The commission cited the 2020 Allegheny Defense Project v. FERC decision in denying the rehearing requests “by operation of law.” The D.C. Circuit Court of Appeals’ ruling in Allegheny found FERC no longer could grant rehearing requests “for the limited purpose of further consideration.”

Evergy’s operating companies filed a change in status with the commission in 2020, reflecting a change in their upstream ownership when Evergy’s leadership said it would remain a standalone company after pursuing purchase offers. In February 2021, Dallas-based Bluescape said it was investing $155 million in Evergy and, in return, gaining two seats on its Board of Directors.

Last October, FERC issued an order finding Evergy and its subsidiaries are Bluescape affiliates by virtue of the board’s new membership. The commission found that Evergy’s appointment of Bluescape executive chairman C. John Wilder as an independent director to its board to be a “concern” it previously had expressed in a proceeding involving CenterPoint Energy.

C. John Wilder | C. John Wilder via LinkedIn

FERC also clarified that placing non-independent officers or directors on a utility’s board of directors or its holding company — regardless of whether the ownership stake is 10% or more of the utility or its holding company — qualifies the entity placing those directors as an affiliate of the public utility. (See FERC Clarifies When Board Appointees Make Companies Affiliates.)

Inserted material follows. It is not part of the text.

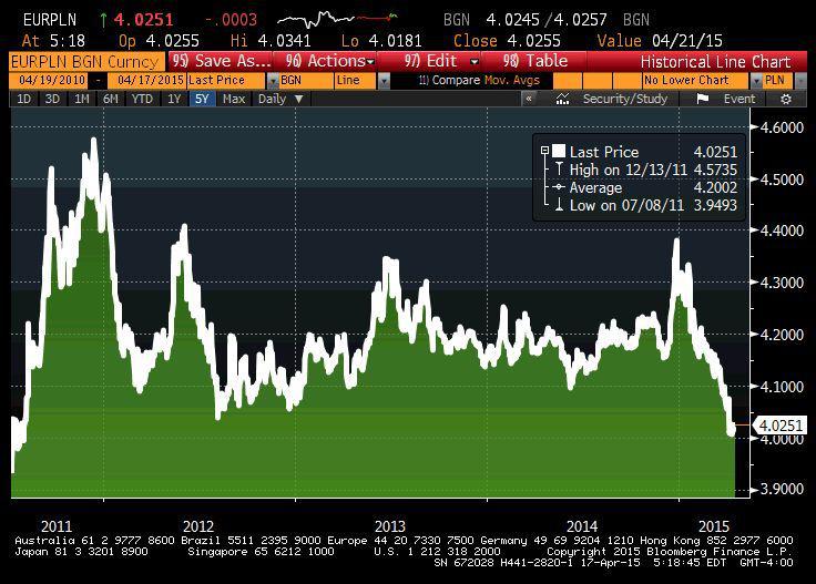 Notowania EUR/PLN od 2011 roku

Evergy filed its rehearing request in November, alleging FERC’s order contradicted its affiliate definition by not representing an independent basis from which to find affiliation and because its interpretation “confused the function of a rebuttable presumption.” (The commission’s definition of affiliate provides those “owning, controlling or holding with power to vote, less than 10 percent of the outstanding voting securities of a specified company creates a rebuttable presumption of lack of control.”)

“If an entity owns less than 10%, it need make no further showing; unless an opponent adduces some evidence going to control, the issue is settled in favor of no control,” the company argued. “If, however, [the commission] or a protestor adduces sufficient evidence that an entity controls a public utility despite owning less than 10%, the result is to rebut the presumption, i.e., to eliminate the presumption. But that’s not what FERC’s order does. FERC treats rebuttal as resolving the issue in favor of control.”

FERC said it continued to find Wilder’s appointment “overcomes the rebuttable presumption of a lack of control” under its affiliate regulations. It also said the appointment is a per se finding of control “further supported by other aspects of Bluescape’s ownership of Evergy.”

“This indicates … ‘there is liable to be an absence of arm’s-length bargaining in transactions between’ Bluescape and Evergy ‘as to make it necessary or appropriate in the public interest or for the protection of investors or consumers that [Bluescape] be treated as an affiliate’” the commissioners said in the order.

FERC’s acting chair, Willie Phillips, concurred with the order but also said that the commission should have opened a Section 206 proceeding under the Federal Power Act or asked for further briefing.

“Perhaps after briefing we would reach the same result; perhaps not,” he wrote. “Either way, that process would have allowed us to fairly examine what is an issue of first impression before the [c]ommission, helping ensure we reach legally durable results when exercising such an important aspect of our authority.”

Commissioner James Danly dissented, saying the order failed to “fully and adequately” respond to Evergy’s arguments raised in its rehearing request.

“It violates the Administrative Procedure Act,” he said, referring to the process by which federal agencies develop and issue regulations.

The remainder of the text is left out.